Notably, the variant rate by cancer stage was found to be similar; this rate was 13.7% in stage 0 to II disease and 13.1% in stage III to IV disease (P = .24). Patients who had a family history of cancer in the same organ system were found to have a high rate of PGVs of 21.8%.
Additional data indicated that 192 cases had incremental findings that would not have been identified via phenotype or family history–based testing criteria using established guidelines; this accounted for 6.4% of the overall cases and 48.4% of the 397 patients with PGVs. Of these 192 patients, 18.2% (n = 35) had high-penetrance PGVs, 43.2% (n = 83) had low-penetrance PGVs, and 17.2% (n = 33) had recessive-penetrance PGVs. Of the 149 patients with high-penetrance PGVs, 28.2% (n = 42) experienced clinically actionable management and treatment adjustments indicated by the PGVs that were identified.

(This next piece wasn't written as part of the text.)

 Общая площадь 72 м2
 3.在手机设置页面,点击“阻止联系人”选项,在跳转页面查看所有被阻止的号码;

Additionally, 17.6% (n = 70) of patients with PGVs had relatives that accepted and underwent FVT within a 3-month window of their test result. Forty-five percent (n = 79) of the 176 family members had positive results.
Data from logistic regression analyses indicated that younger age at the time of cancer diagnosis was linked with a higher likelihood of having a PGV (odds ratio [OR], 1.38; 95% CI, 1.06-1.78). Although patients who had CRC, pancreatic cancer, or prostate cancer were noted to have comparable PGV prevalence vs those with breast cancer, those with melanoma were observed to have a significantly lower likelihood of having PGVs (OR, 0.58; 95% CI, 0.32-1.00).

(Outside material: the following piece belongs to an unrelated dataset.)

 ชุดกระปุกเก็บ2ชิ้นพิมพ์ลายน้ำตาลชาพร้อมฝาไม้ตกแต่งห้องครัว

“In this large, prospective multisite cohort study with a broad mixture of cancer types and stages, a variety of academic and community cancer practices, and patients unselected for family cancer history, universal multigene panel testing was associated with increased detection of clinically actionable, heritable variants over the predicted yield by targeted testing based on clinical guidelines,” the study authors concluded. “This study offers significant insight into the performance of multigene panel testing and has broad implications for its wide clinical implementation and acceptance in oncology practice.”